Monday, August 29, 2011

poetry snapshots: david cooke






WORK HORSES




The clanking compound of the brewery

where my dad did shifts, whenever

work was slack on the buildings,

is buried now somewhere

beneath the panels of the multi-storey

car park and the chat that drifts across

from the cappuccino pavement.



Born to a scant inheritance

of rushy Sligo acres, my dad was bred

like his brothers to follow the work,

sending remittances home

from London, Reading, and Philadelphia –

for worklessness

would have been their defining shame.



And somewhere in the grainy hinterland

of just remembered childhood

I am watching a drayman

as he guides heraldic, towering horses

through a time-thinned stream of traffic.

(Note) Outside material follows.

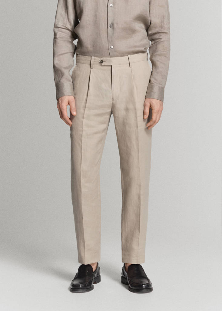 ESSENTIALS: Made to last. Slim fit. Standard Length. 100% Linen. Belt loops. Front zip, hook and double button closure. Two side pockets. Coin pocket. Two welt pockets with button at the back. Pressed crease detail at the front and back
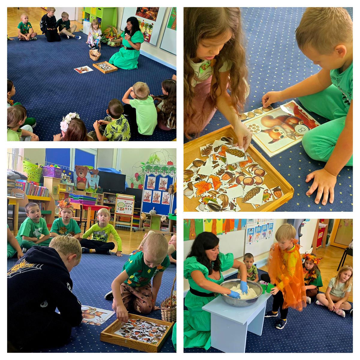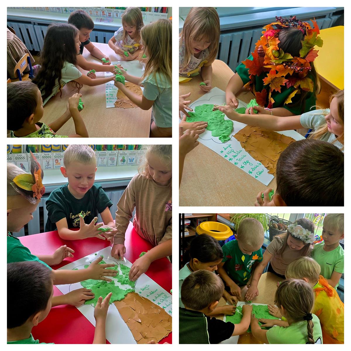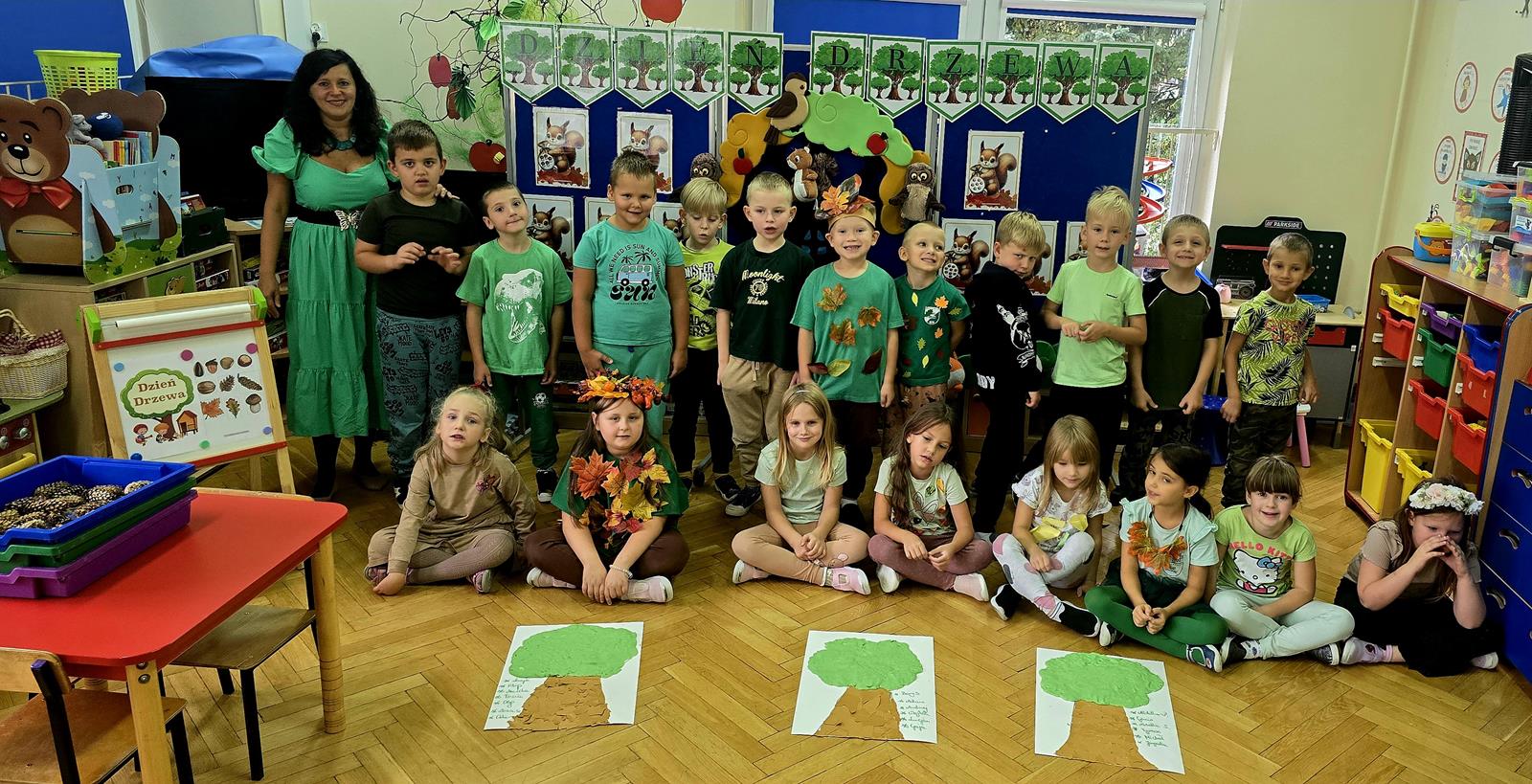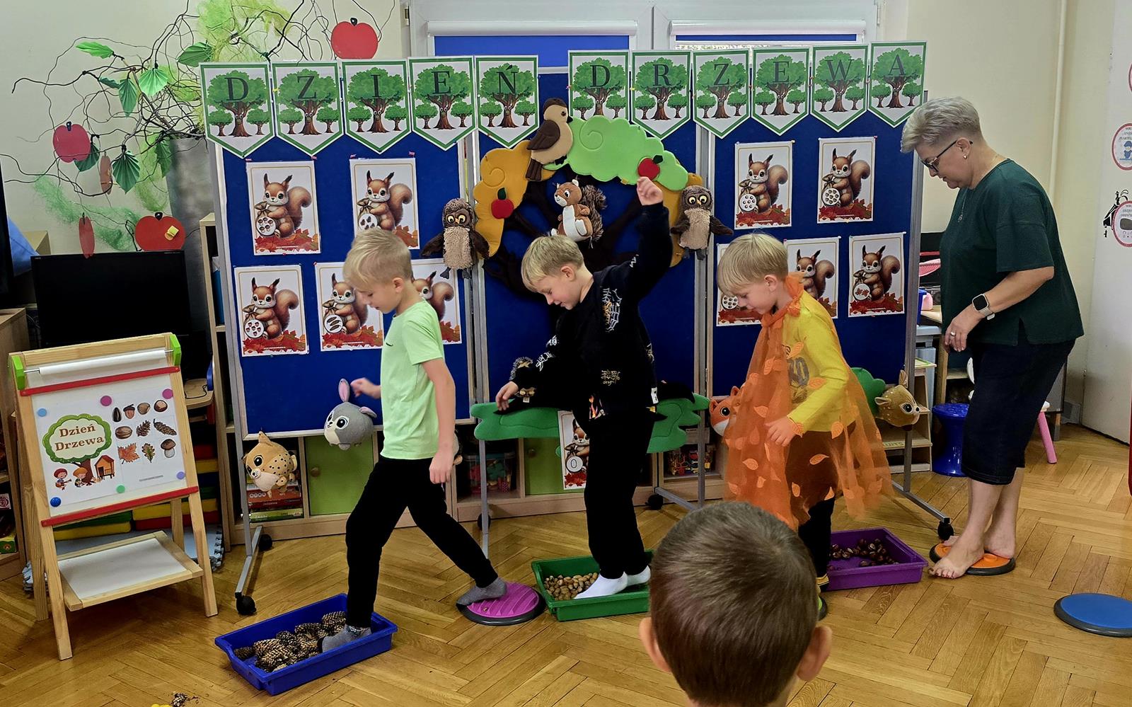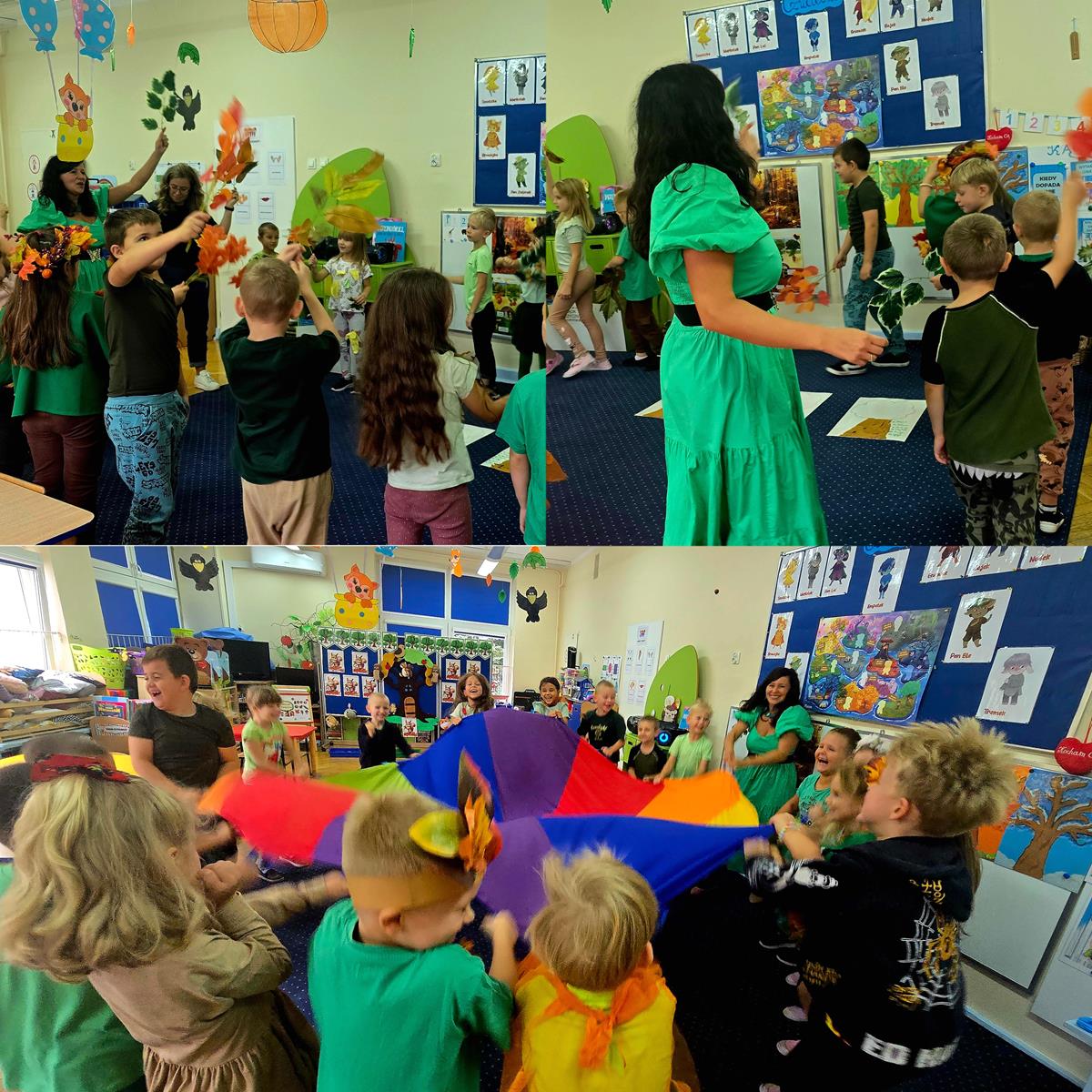 7.10.25 r. "Motylki" w zielonych strojach przyozdobionych kolorowymi listkami do przedszkola przybyły i w spotkaniu czytelniczym, zorganizowanym z okazji Dnia Drzewa, z p. psycholog uczestniczyły, historii "Wiewiórek, które nie umiały się dzielić" wysłuchały, w spiżarni rudych wiewióreczek zawitały i dary jesieni przeliczały, w kasztankowej zabawie z chustą animacyjną uczestniczyły, jesienne listki jako rekwizyty do zabaw muzyczno - ruchowych wykorzystały i w zabawie badawczej związanej z tworzeniem zielonej masy solnej udział brały. Następnie w grupkach piękne drzewka stworzyły i po ścieżce sensorycznej stworzonej z darów jesieni kroczyły. Zabawa była doskonała.

Their sinews barely tensed,

they go unfussed about their business.







David Cooke won a Gregory Award in 1977 and published Brueghel’s Dancers in 1984, but stopped writing for twenty years. His poems and reviews have appeared or are forthcoming in numerous journals such as Agenda, The Bow Wow Shop, Critical Quarterly, Cyphers, The Frogmore Papers, The Irish Press, The London Magazine, The North, Orbis, Other Poetry, Poetry Ireland Review, Poetry London, Poetry Salzburg Review, The Reader, The SHOp, Stand, Staple, and The Use of English. His retrospective collection, In the Distance, has just been published by Night Publishing and a further collection, Work Horses will be published by Ward Wood Publishing in 2012.